Estimate Super Bowl QR ad sign-ups
Company: Coinbase
Role: Data Scientist
Category: Analytics & Experimentation
Difficulty: hard
Interview Round: Technical Screen
CoinFactory ran a 60-second Super Bowl TV spot on 2025-02-09 with a QR code to a signup page; successful sign-ups receive a $15 coupon. You must estimate incremental sign-ups attributable to the ad in the first 48 hours and quantify uncertainty.
Provide a concrete plan that includes:
1) Identification: propose at least two distinct methods (e.g., high-frequency time-series counterfactual with synthetic control, geo-lift/DiD with control DMAs, calibrated MMM short-horizon attribution).
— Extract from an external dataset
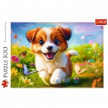 Puzzel Vrolijke hond bestaat uit 500 stukjes en toont een schattige hond. De voltooide puzzel heeft afmetingen van 480x340 mm.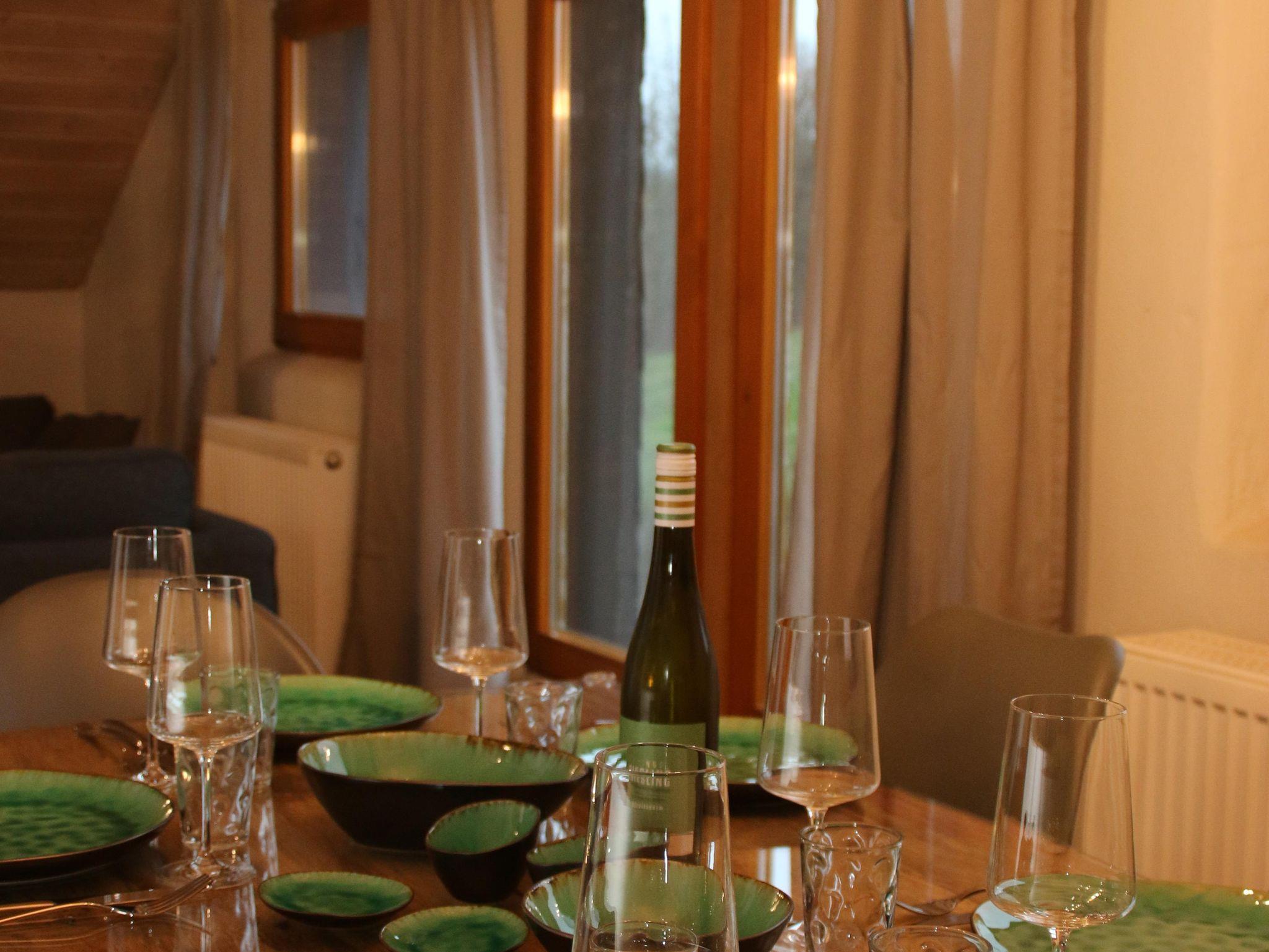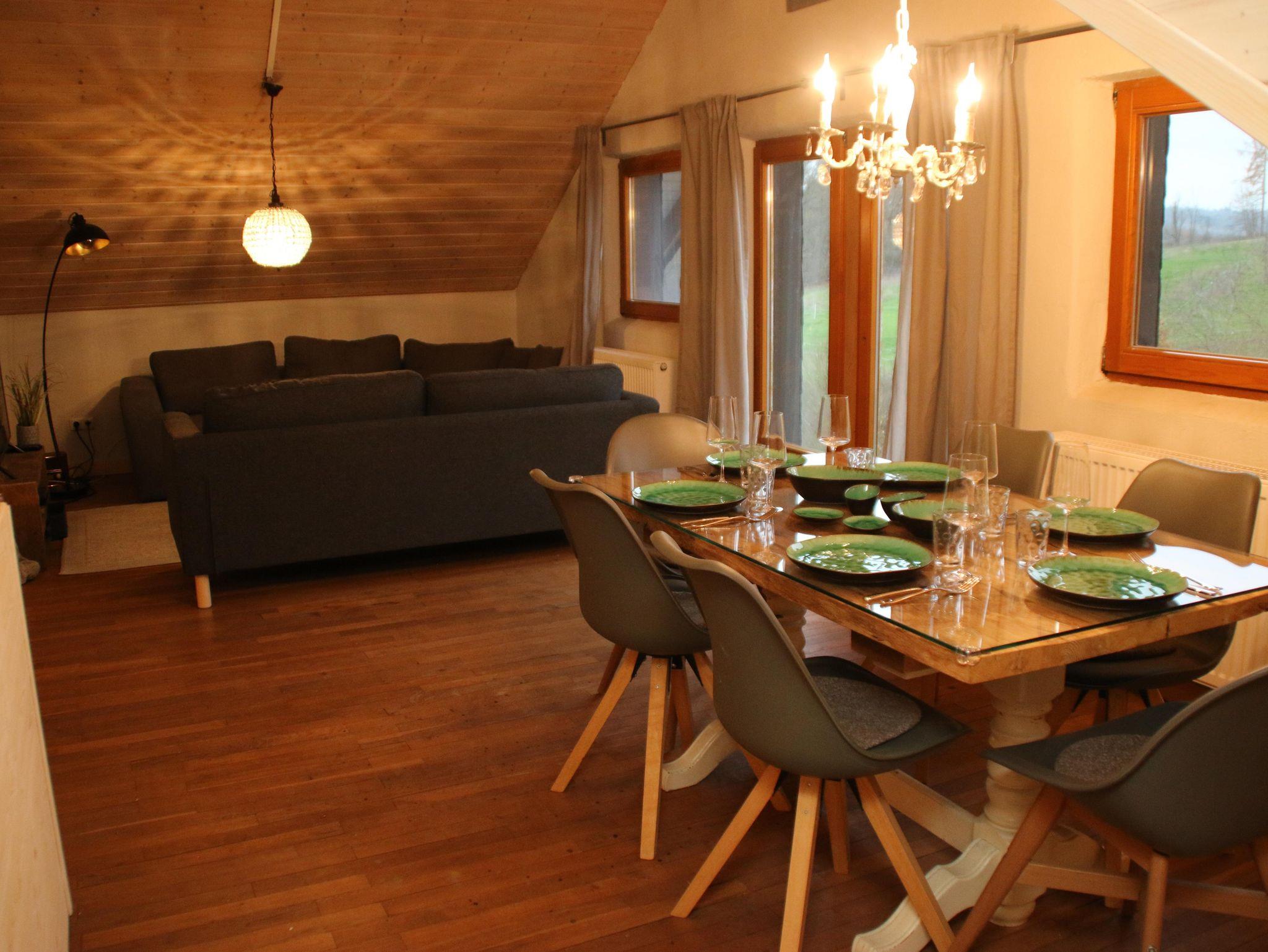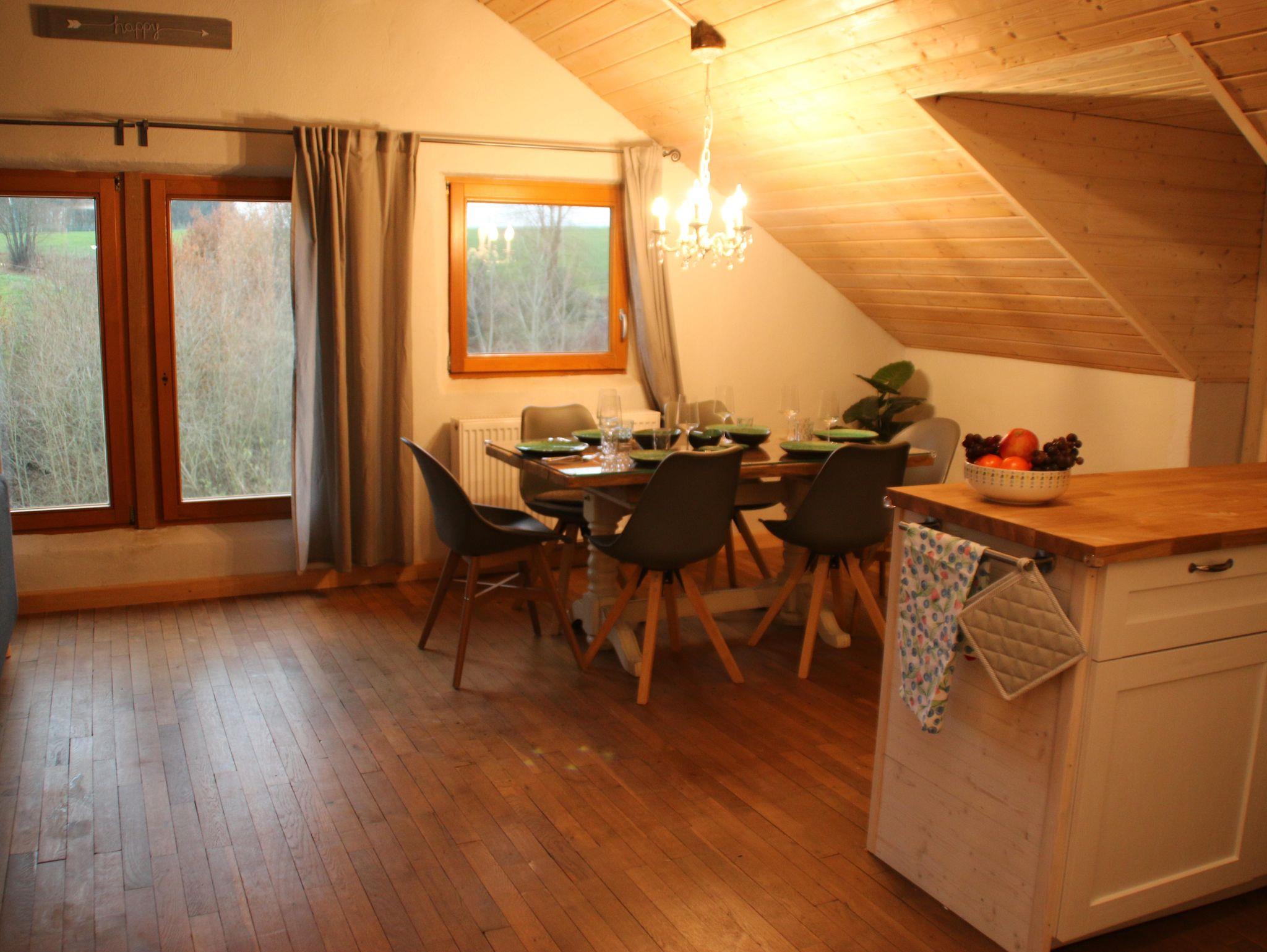 Viel Platz finden Sie in der Wohnküche, die insbesondere durch den bis in die First hin offenen Raum ein sehr großzügiges Wohnvergnügen bietet. Der Boden ist mit massivem Eichenschiffsbodenparkett versehen, die Einbauküche ist mit E Herd, Kühlschrank, Spülmaschine, Microwelle, Toaster, Kaffeemaschine und Wasserkocher ausgestattet. Ein Esstisch für 6 Personen sowie eine Wohnlandschaft mit Flat TV vervollständigen die Ausstattung der Wohnküche.

State the identifying assumptions explicitly.
2) Data you would use: minute-level traffic/sign-ups for the prior 8 comparable Sundays, QR UTM-tagged sessions and device/IP de-dup rules, coupon issuance/redemption logs (coupon_id, user_id, issued_at, redeemed_at), TV air-times/GRPs by DMA, press mentions timestamps, bot-filtering heuristics, app store ranking changes, and site latency/error logs.
3) De-duplication and leakage: handle multi-device scans, dark social reshares of the QR URL, bots, and post-game press coverage spillover. Explain how you’ll separate organic baseline from paid lift and how to attribute delayed sign-ups within the 48h window.
4) Back-of-the-envelope (compute): Suppose the logs show 12,000,000 QR scans, 40% remain after de-dup, landing→signup conversion is 22%, baseline is 50,000 sign-ups/day (absent the ad), and press coverage added an 8% lift to the baseline for the first 24h. A competitor ran a similar QR ad in 8 DMAs that constitute 12% of our reach and cannibalized 25% of our QR traffic there. Estimate incremental sign-ups and provide a 90% CI using a reasonable variance model; show each adjustment step (baseline subtraction, cannibalization, spillover).
5) Validation: cross-check with coupon redemptions (assume 20% redeem within 7 days) and with geo heterogeneity. Describe how you’d reconcile differences across the methods and decide on the final estimate.
Quick Answer: This question evaluates a data scientist's proficiency in causal inference and attribution, high-frequency time-series and geo-experimental design, event-level instrumentation and de-duplication, and statistical uncertainty quantification.